0 + (4.378.456.467 -> 4.378.411.447 -> 4.359.222.893) = 4.359.222.893 @ 88.67 MB/s

47.153 seconds (000:00:47) (all OK)

Recompressig the zpaq archives :

[root@neptun ~]# ./zpaq a test3.zpaq /data/vault/Backup3/archive3-zpaq.zpaq 1 +added, 0 -removed.

0.000000 + (4378.304530 -> 4378.259510 -> 4359.089409) = 4359.089409 MB 36.850 seconds (all OK)

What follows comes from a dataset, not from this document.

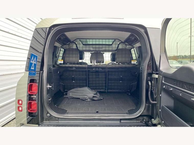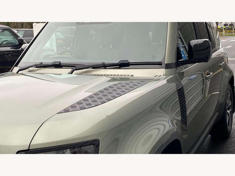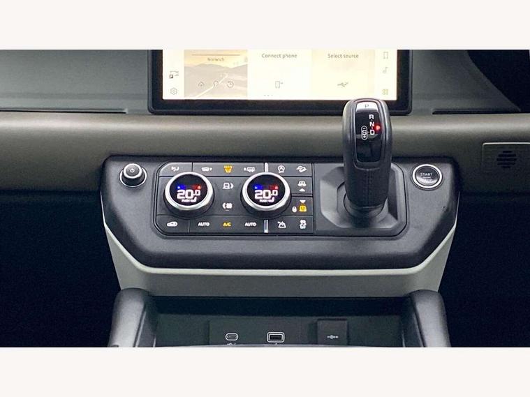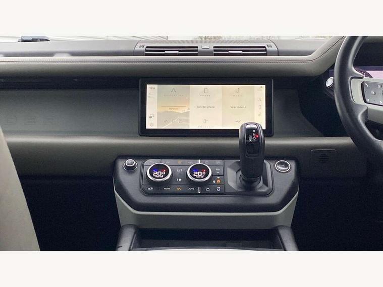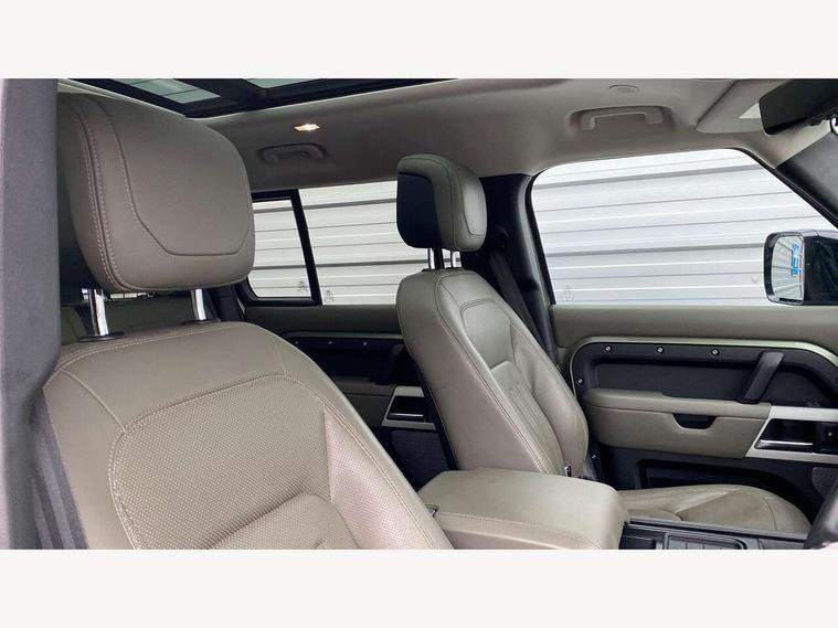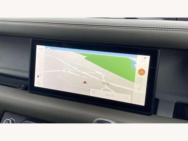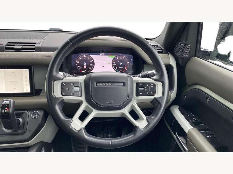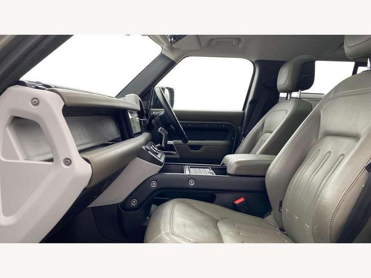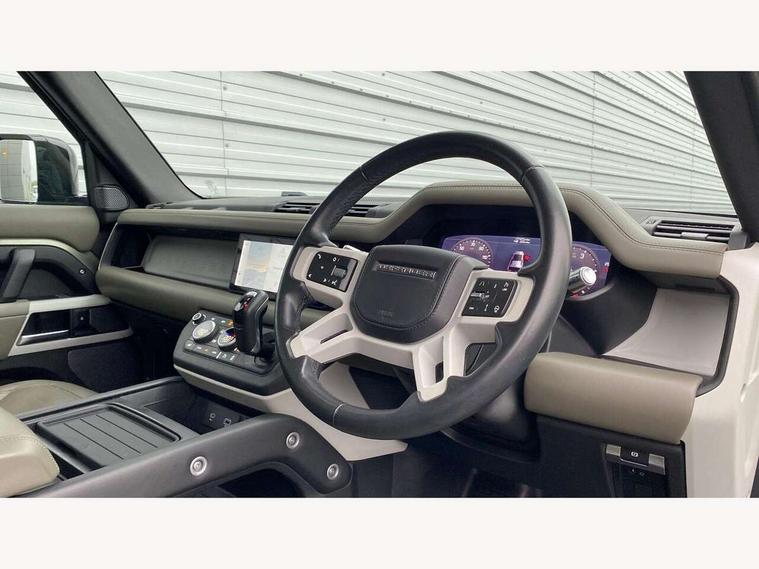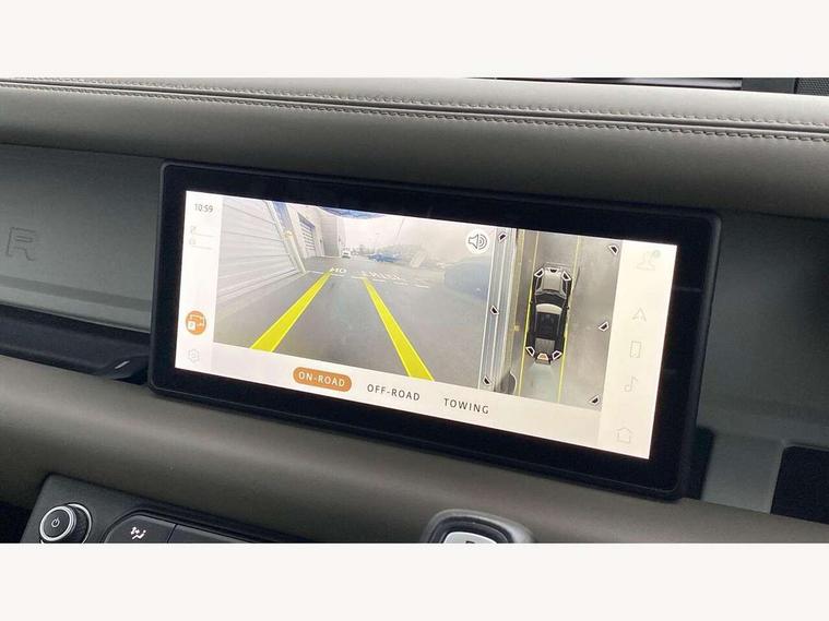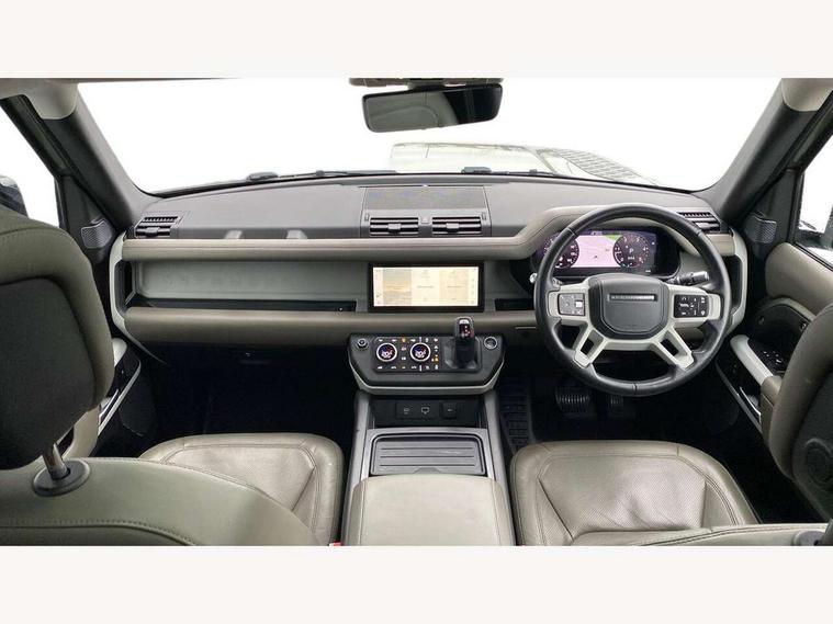 10" touch screen, 360 degree parking aid, 3D Surround Camera with 360 View, 180 Rear View, Front Traffic Detection, Forward Vehicle Guidance, Tow Hitch Assist and clear sight Ground View, Adaptive cruise control, Android Auto, Apple CarPlay, Blind spot assist, Bluetooth system, Clear exit monitor, Click and go integrated base unit, Connected navigation pro, Driver condition monitor, Interactive driver display, Lane keep assist, PAS, Pivi Pro connected navigation system with upgraded Infotainment, Rear collision monitor, Rear traffic monitor, Traffic sign recognition with adaptive speed limiter, Trip computer, Wade Sensing, Adaptive dynamics, Electronic air suspension, DAB Radio (Digital Audio Broadcasting), Automatic headlight levelling, Automatic headlights, ClearSight interior rear view mirror, Front fog lights, Heated windscreen, LED tail lights, Matrix LED headlights with signature DRL, Power fold, auto-dimming, heated door mirrors with memory and approach lights, Puddle lights, Rain sensing windscreen wipers, Signature graphic (with interior storage), Sliding panoramic roof, Standard treadplates, 14 way heated and cooled electric adjustable memory front seats with 4 way manual headrests, Carpet mats, Electric reach + rake adjustable steering column, Extended leather upgrade, Front passenger isofix child seat attachment, Heated steering wheel, Leather gearshift, Leather steering wheel, Loadspace cover, Morzine headlining, Multifunction steering wheel, Rear headrests, Rear ISOFIX, Sunvisors with illuminated vanity mirrors, Twin front cupholders with cover, Windsor leather upholstery, Online pack with data plan - Defender, 5 x 3 point seatbelts, ABS, Driver and passenger airbags, Emergency braking, ESP + traction control, TPMS (Tyre pressure monitoring system), Alarm, Immobiliser, Intrusion sensor, Keyless entry and go, Locking wheel nuts, Remote locking,

[root@neptun ~]# ./zpaq a test4.zpaq /data/vault/Backup3/archive4-zpaq.zpaq

1 +added, 0 -removed.

0.000000 + (4378.304530 -> 4378.259510 -> 4359.089438) = 4359.089438 MB 39.703 seconds (all OK)

Erol-2022 commented 1 year ago

Hello Mr. Corbelli,

I tried the backup option, thanks. I can see the index file and text file storing the hash values. The -715 option does once again the job to speed up the backup process.